When science cannot run experiments, it is stymied until more data arrive by time and by luck. Paleontology told me as a youth that a great beast called a brontosaurus once roamed the Earth; they now tell me it was a mistake. Astronomy has no hope of answering questions on the nature of planets and distant stars without more info, which ain’t coming any faster than 300 megameters/second. Climatology, well, we know how accurate that is; at least paleontologists aren’t asking that I cap-and-trade fossil credits. But certainly science cannot aid man in being man. The science that runs controlled experiments on man is only the science of Mengele.
I freely admit that I do not know with precision what method will arise to save man (if any will; doom is always a possibility), but I do think it must be fungible, available to the common man to understand and put into play in his own life, without needing kings or priests or professors to ordain it. If nothing else, I seek such a method for my life, concluding that the best I can do to save the world is to save myself and lead by example.
The message of Christ is simple and clear enough that you do not need a degree in theology to understand it.
The poor and miserable and hopeless, the widow and the prisoner and the orphan understand it. The message is powerful enough that some men devote their lives in service to it, giving up home and family to do so: those are the priests at whom you so glibly scoff, whose mere existence is a powerful witness to the Christian faith, and who seek, as you do, to save the world by example, and save themselves by repentance.
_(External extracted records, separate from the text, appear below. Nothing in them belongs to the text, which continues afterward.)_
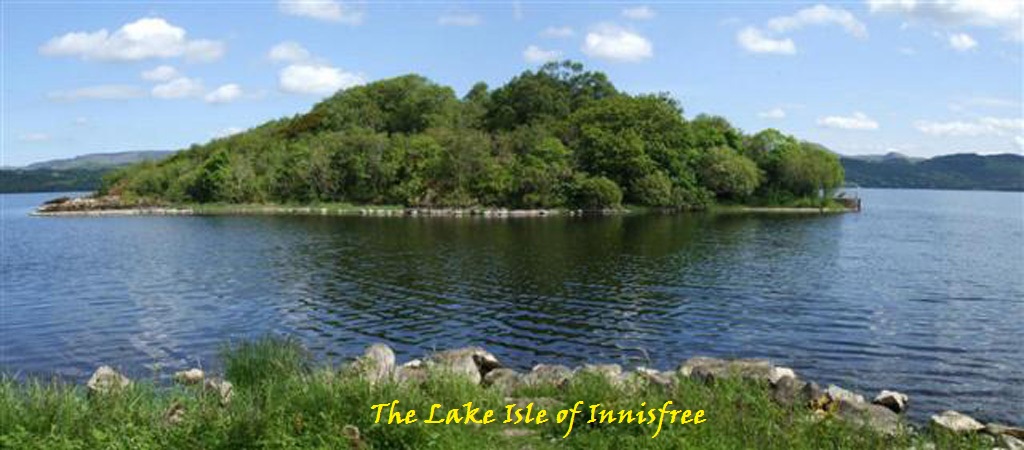 The Lake Isle of Innisfree I will rise and go now, and go to innisfree, And a small cabin build there, of clay and wattles made; Nine bean-rows will I have there, a hive for the honey-bee, And live a lone in the bee-loud glade, And I shall have some peace there, for peace come dropping slow, Dropping from the veils of the morning to where the cricket sings; There midnight's all a glimmer, and noon a purple glow, And evening full of the linnet's wings. I will rise and go now, for always night and day I hear lake water lapping with low sounds by the shore; While I stand on the roadway, or on the pavement's grey, I hear it in the deep heart's core. William Butler Yeats (Written in 1888)
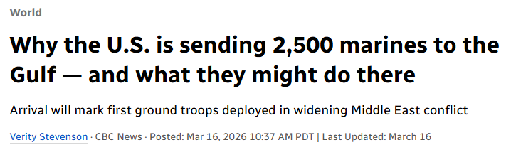 與此同時,CBC News報道稱,美國正向中東部署約2500名海軍陸戰隊,這是自2月28日美以對伊朗發動行動以來,首批正式增派到該地區的美軍地面部隊。分析人士認爲,這支快速反應部隊未來最可能的任務,是協助重開霍爾木茲海峽,包括控制靠近航道的小型島嶼、部署防空系統、配合海軍護航以及實施更廣泛的空中與網絡支援。
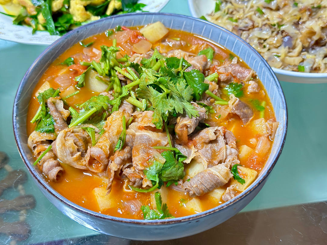 番茄土豆肥牛+凉拌海蜇🪼+韭菜炒鸡蛋+春卷
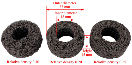 Relative density, , is a critical design parameter that significantly affects the mechanical properties of EMWM. It quantifies the volume fraction of coiled wires within the entire specimen and is defined by Equation (1). Some studies also uses the term “porosity” to describe the porous characteristics of EMWM.
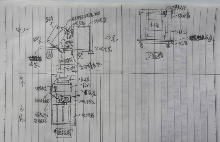 于是我萌生了发明自巡航垃圾清理机器人的想法,在老师指导下我设计制作了该项目。该项目利用优控430A控制器(PLC)经行整体控制,结合M415B步进电机驱动器控制24V20AH电池驱动两台57J09型电机提供行走动力,11.3V5200MAH电池为垃圾收集箱内600W、电压11.3的涵道风扇提供动力,利用负压吸收细小垃圾;摄像头配合机械臂抓取较大块垃圾。可在复杂路面上实现自动巡航、垃圾清理及初步分类的新型清洁机械,旨在提高城市清洁工作效率、降低人力成本。
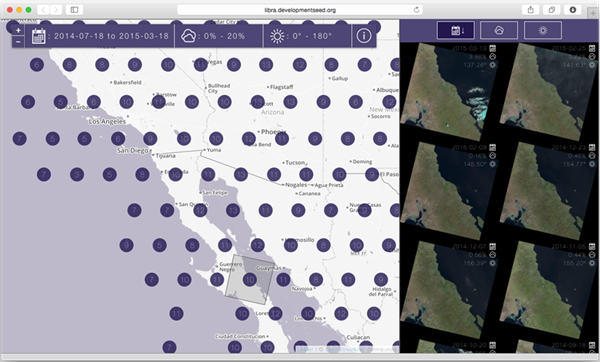 Development Seed has updated the popular open source landsat-util library to use data from Landsat on AWS. Now developers who rely on landsat-util can access Landsat data more quickly and with more processing options. Learn more about the updates to landsat-util. Here’s a screen shot of their Libra image browser:
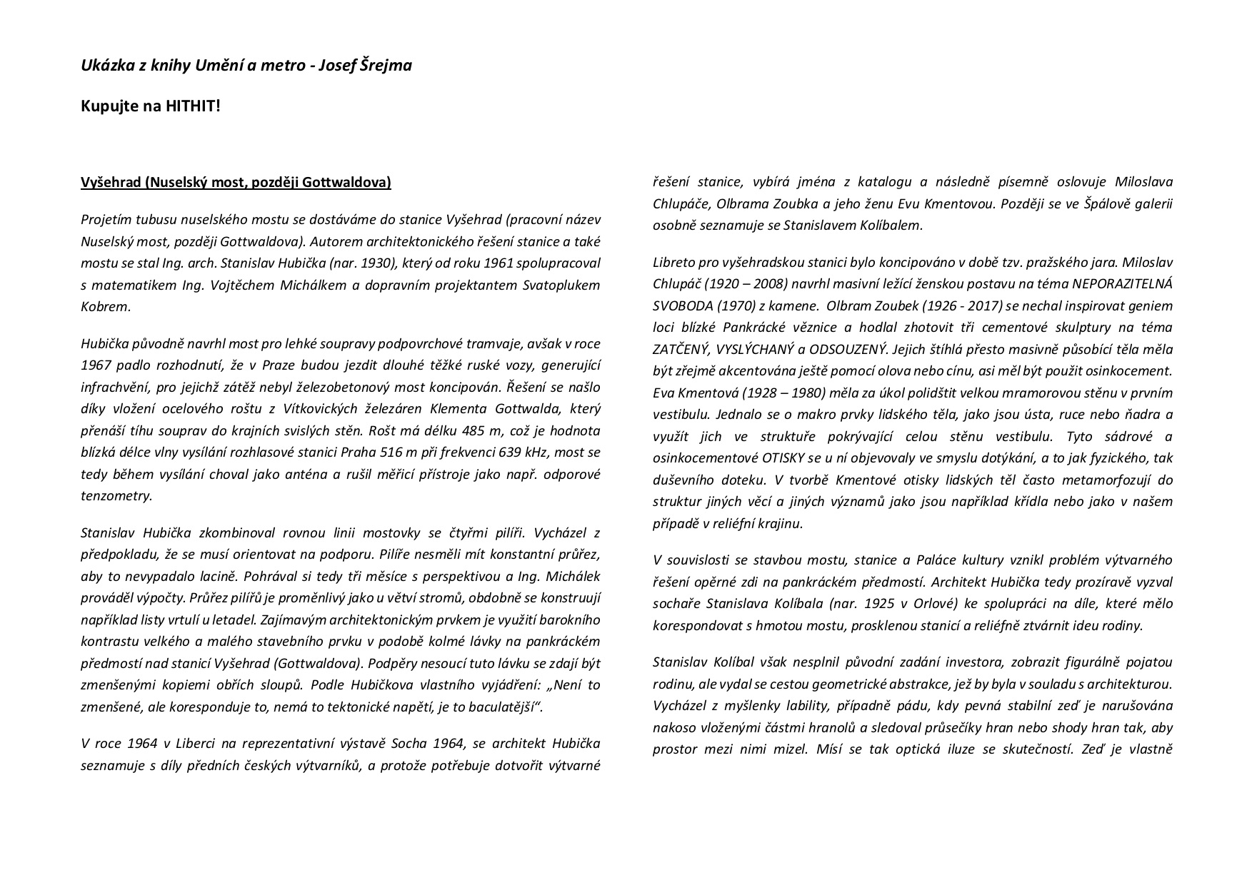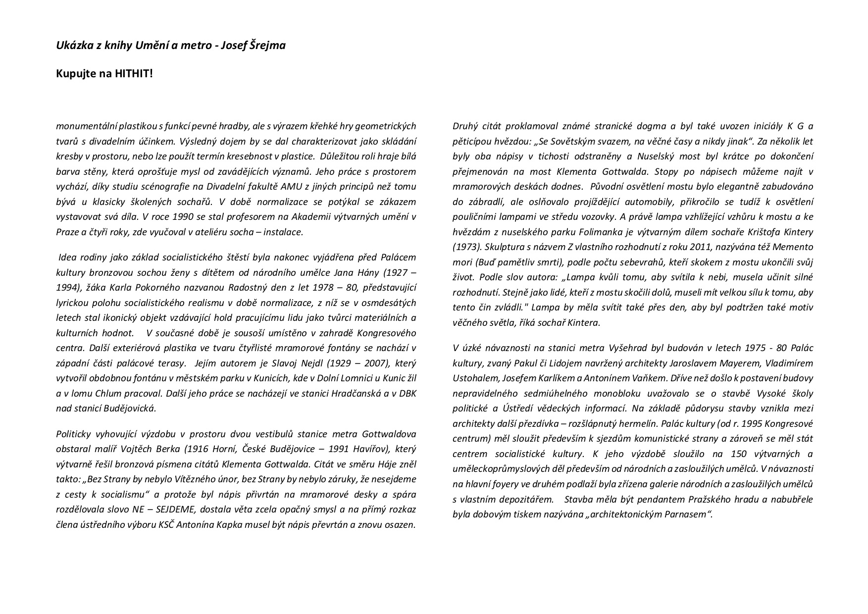 Potřebuji získat finanční prostředky k publikování knihy Umění v pražském metru, za pomoci crowdfundingové společnosti HITHIT. Kniha bude navazovat na můj projekt Umění v metru z roku 2014. 110 stran odborného kunsthistoricky zpracovaného textu s architektonickým popisem a ikonografickým rozborem všech stanic se všemi výtvarnými díly v rozmezí let 1974 až 1994, včetně výtvarné výzdoby přilehlých prostor metra, dále artefakty, které byly zničeny, zakryty nebo odstraněny. Základem knihy jsou původní významy a poslání výtvarného vybavení metra ve vztahu ke staniční architektuře. Přibližně 300 fotografií všech artefaktů s příslušným popisem názvů děl, techniky zpracování, datací a autorským určením. Je zde popsána problematika výtvarných soutěží a jejich účastníků. Text objasňuje původní názvy stanic, stručné životopisné údaje o umělcích a dobové reálie. Praha je asi jediná evropská metropole, která nemá svou vlastní výtvarnou monografii metra. Mgr. Josef Šrejma - historik umění

The faith of Christ is the faith of the common man. An intellectual has to overcome his own precious precociousness to understand it. Even those who mock the faith by calling it a “meme” pay homage to its enduring power and infinite appeal. It is a model that explains as much of the universe as can be explained, and which correctly identifies as mysteries those things which, by their very nature, the mind of man cannot explain: my experience has been that other models of the universe are grossly deficient in some basic way, either lacking in hope (as paganism or Buddhism, which regard the world, and fate, as something to escape) or lacking in faith (as socialism, which has no faith in human nature) or lacking in charity (as Objectivism).